What you have to do
Apart from the pictures, every line below needs to be reproduced verbatim.

Excerpted data

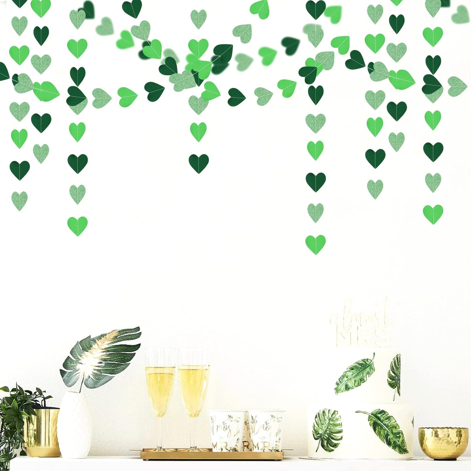 Green Party-Decorations Heart Paper-Garland Streamers-Banner - 52Ft St Patricks Day Decorations, Spring Summer Birthday Wedding Engagement Baby Shower Hanging Decor Ouruola
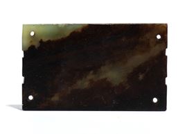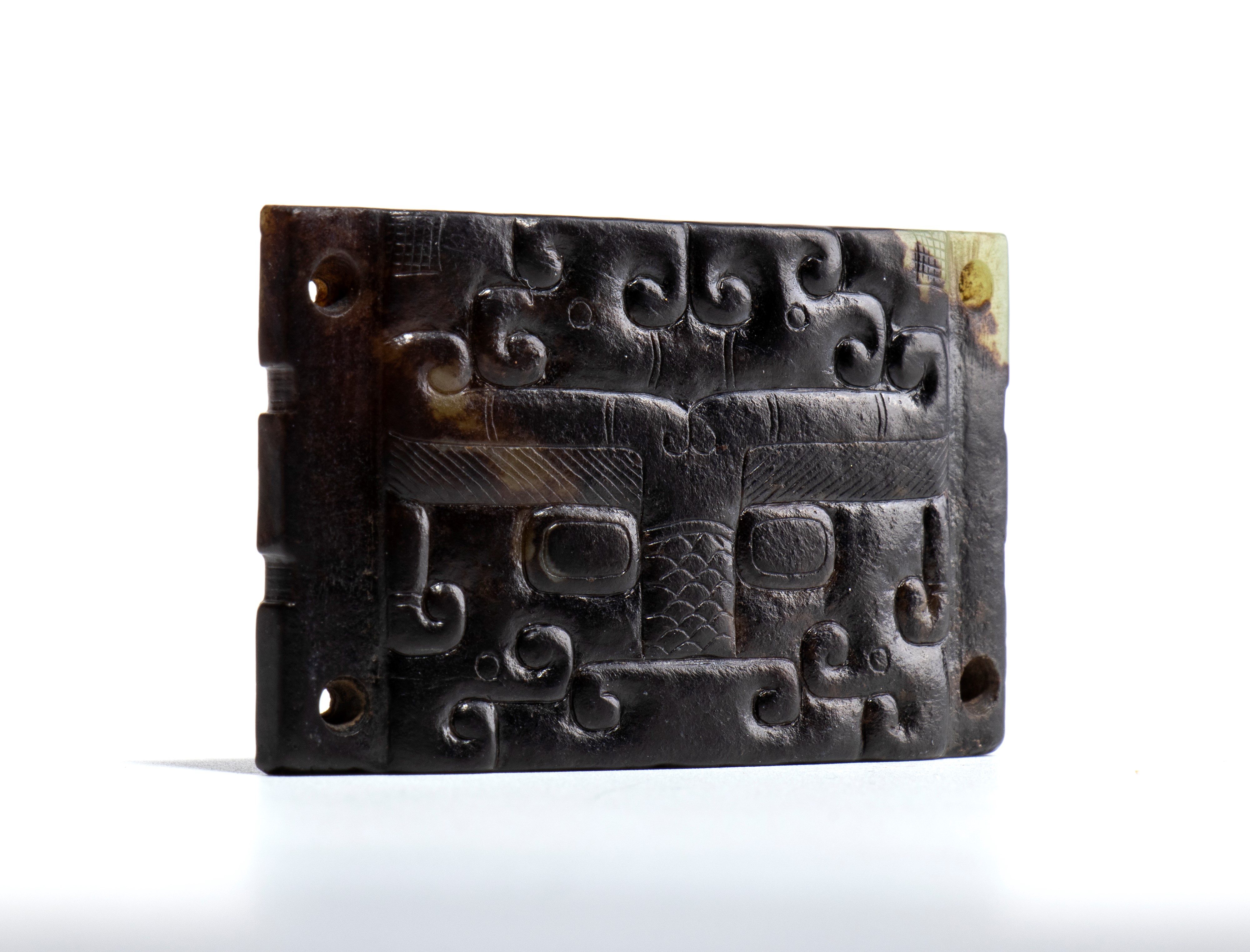 Placca in giada scura decorata a leggero rilievo con motivi di Taotie incisi.
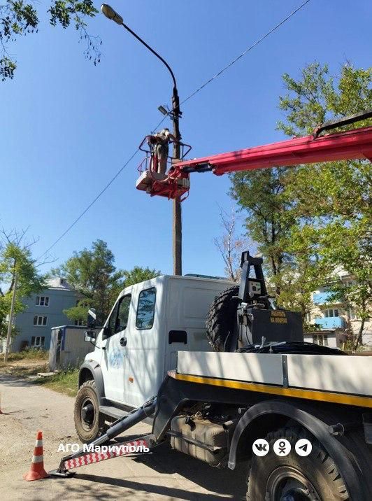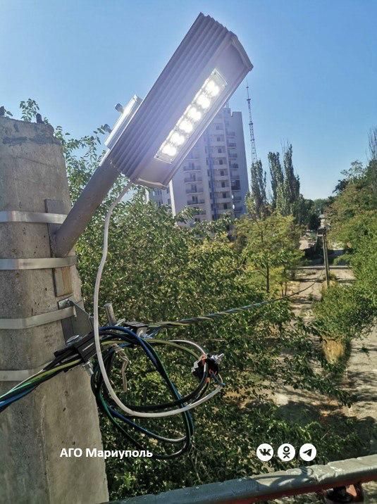 Специалисты МУП «Мариупольгорсвет» смонтировали и отремонтировали 5 669 метров кабеля, установили 190 новых светильников, демонтировали 1 367 метров неремонтопригодного провода и 74 вышедших из строя фонаря.
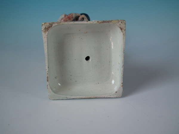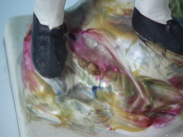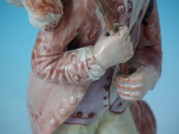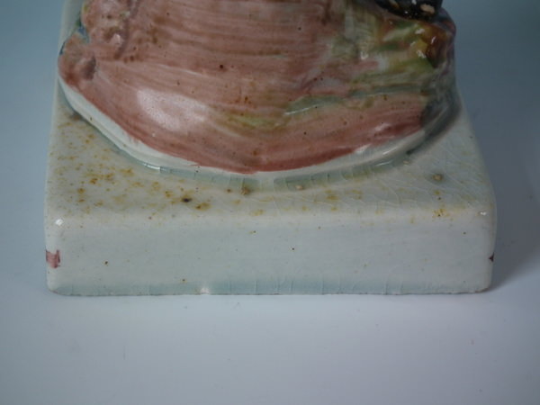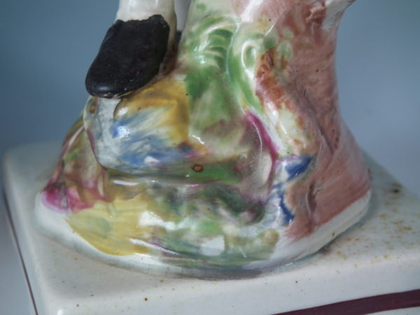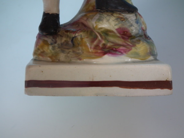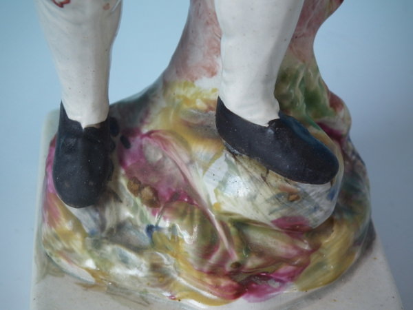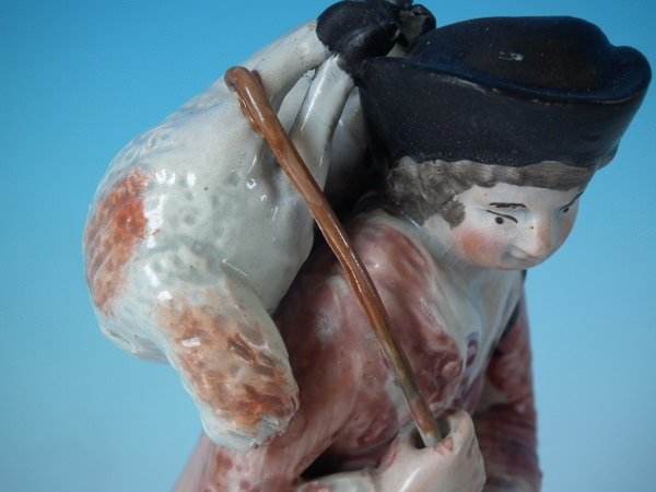 pre-Victorian, circa 1820. 8.7ins high, 3ins wide, 3ins depth. Staffordshire pearlware figure with a pastoral theme which features a shepherd carrying a sheep over his shoulder, stood on a square base. Multi-coloured version. Painted base line.
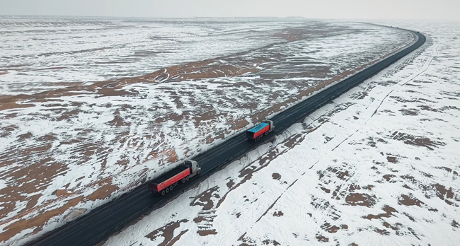 在新疆哈密戈壁腹地、严寒风雪交织的复杂环境下,深向科技智能编队重卡队列已在煤炭运输干线上实现常态化测试运营,覆盖哈密大南湖矿厂至电厂的完整运输链路。
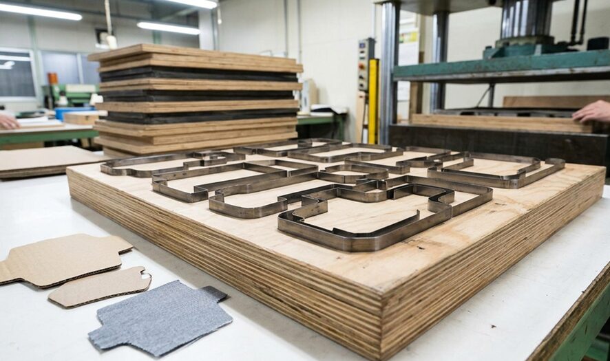 ビク刃(ビク型)とは、ベニヤ板などのベースに溝を掘り、SK材(炭素鋼)の刃物を埋め込んだ抜き型のことです。シール印刷やシルク印刷を施した紙、樹脂、フィルム材料などを任意の形状に型抜きする際に使用されます。今回はそんなビク刃についてご説明いたします。
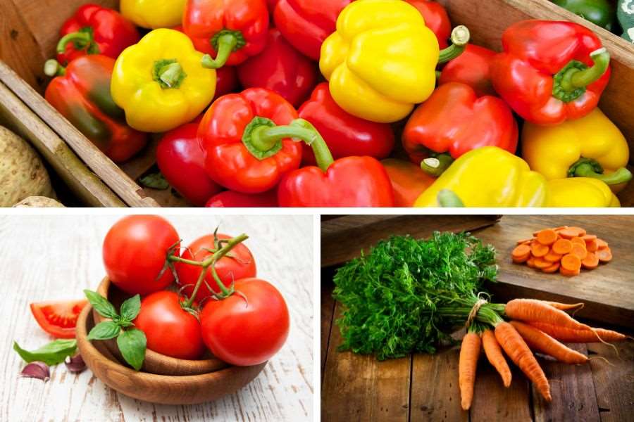 Đây là 3 loại rau củ có hàm lượng calo thấp, được sử dụng rất nhiều trong thực đơn ăn kiêng: 100g cà chua chứa 18 calo, 100g cà rốt chứa 45 calo, 100g ớt chuông chứa 31 calo.
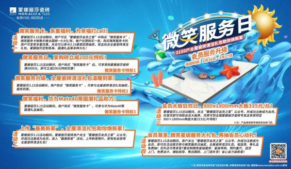 3·15期间,蒙娜丽莎瓷砖重磅推出“微笑服务日”
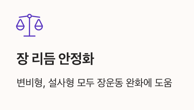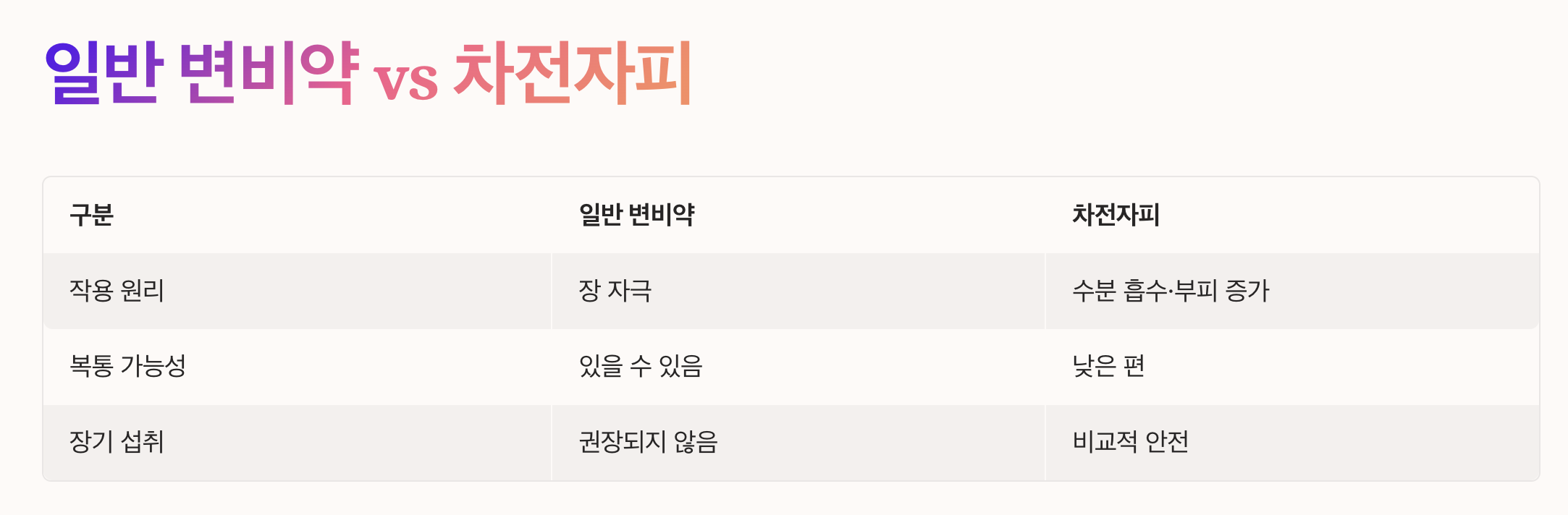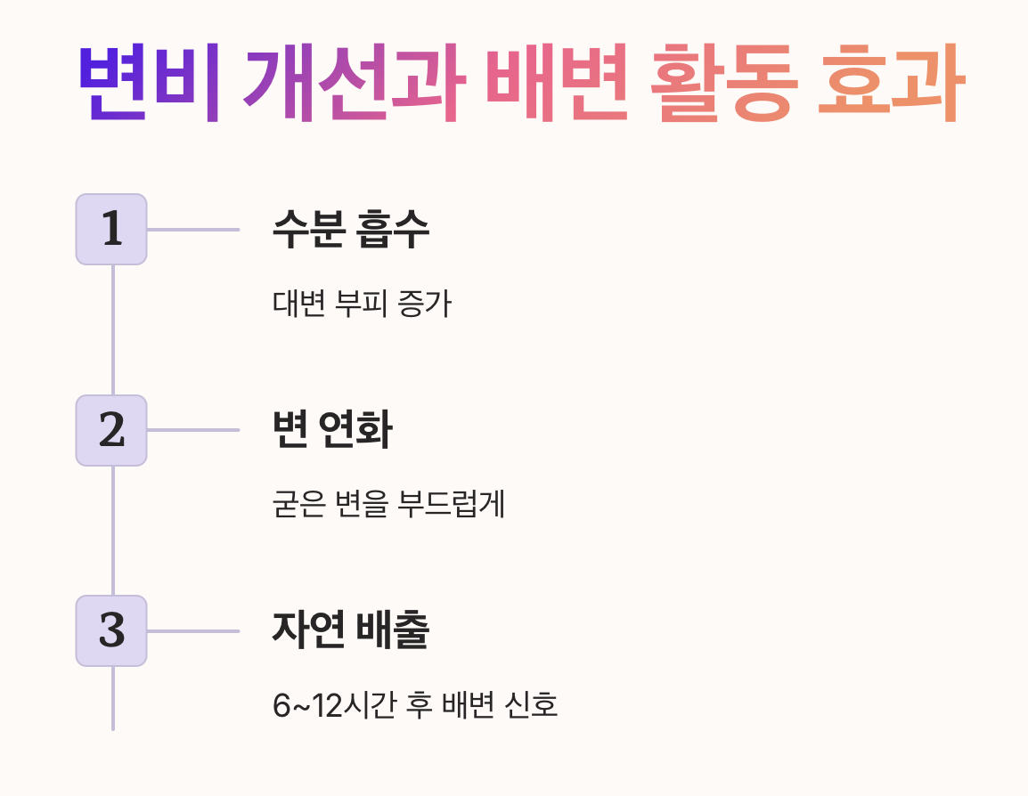 ์ฐจ์ ์ํผ ํจ๋ฅ ์ค ๊ฐ์ฅ ๋ํ์ ์ธ ํจ๊ณผ๋ ๋ณ๋น ๊ฐ์ ์ ๋๋ค. ์ฅ ์์์ ์๋ถ์ ํก์ํด ๋๋ณ์ ๋ถํผ๋ฅผ ๋๋ฆฌ๊ณ , ๊ตณ์ด ์๋ ๋ณ์ ๋ถ๋๋ฝ๊ฒ ๋ง๋ค์ด ์์ฐ์ค๋ฌ์ด ๋ฐฐ์ถ์ ๋์ต๋๋ค. ์ด ๊ณผ์ ์ ์ฅ์ ์ง์ ์๊ทนํ๋ ๋ฐฉ์์ด ์๋๋ผ, ์ฅ์ด ์ค์ค๋ก ์์ง์ด๋๋ก ์ ๋ํ๋ ํํ๋ผ ๋น๊ต์ ์ํ๊ฒ ์์ฉํฉ๋๋ค.

Exercise solution
 Green Party-Decorations Heart Paper-Garland Streamers-Banner - 52Ft St Patricks Day Decorations, Spring Summer Birthday Wedding Engagement Baby Shower Hanging Decor Ouruola
 Placca in giada scura decorata a leggero rilievo con motivi di Taotie incisi.
 Специалисты МУП «Мариупольгорсвет» смонтировали и отремонтировали 5 669 метров кабеля, установили 190 новых светильников, демонтировали 1 367 метров неремонтопригодного провода и 74 вышедших из строя фонаря.
 pre-Victorian, circa 1820. 8.7ins high, 3ins wide, 3ins depth. Staffordshire pearlware figure with a pastoral theme which features a shepherd carrying a sheep over his shoulder, stood on a square base. Multi-coloured version. Painted base line.
 在新疆哈密戈壁腹地、严寒风雪交织的复杂环境下,深向科技智能编队重卡队列已在煤炭运输干线上实现常态化测试运营,覆盖哈密大南湖矿厂至电厂的完整运输链路。
 ビク刃(ビク型)とは、ベニヤ板などのベースに溝を掘り、SK材(炭素鋼)の刃物を埋め込んだ抜き型のことです。シール印刷やシルク印刷を施した紙、樹脂、フィルム材料などを任意の形状に型抜きする際に使用されます。今回はそんなビク刃についてご説明いたします。
 Đây là 3 loại rau củ có hàm lượng calo thấp, được sử dụng rất nhiều trong thực đơn ăn kiêng: 100g cà chua chứa 18 calo, 100g cà rốt chứa 45 calo, 100g ớt chuông chứa 31 calo.
 3·15期间,蒙娜丽莎瓷砖重磅推出“微笑服务日”
 ์ฐจ์ ์ํผ ํจ๋ฅ ์ค ๊ฐ์ฅ ๋ํ์ ์ธ ํจ๊ณผ๋ ๋ณ๋น ๊ฐ์ ์ ๋๋ค. ์ฅ ์์์ ์๋ถ์ ํก์ํด ๋๋ณ์ ๋ถํผ๋ฅผ ๋๋ฆฌ๊ณ , ๊ตณ์ด ์๋ ๋ณ์ ๋ถ๋๋ฝ๊ฒ ๋ง๋ค์ด ์์ฐ์ค๋ฌ์ด ๋ฐฐ์ถ์ ๋์ต๋๋ค. ์ด ๊ณผ์ ์ ์ฅ์ ์ง์ ์๊ทนํ๋ ๋ฐฉ์์ด ์๋๋ผ, ์ฅ์ด ์ค์ค๋ก ์์ง์ด๋๋ก ์ ๋ํ๋ ํํ๋ผ ๋น๊ต์ ์ํ๊ฒ ์์ฉํฉ๋๋ค.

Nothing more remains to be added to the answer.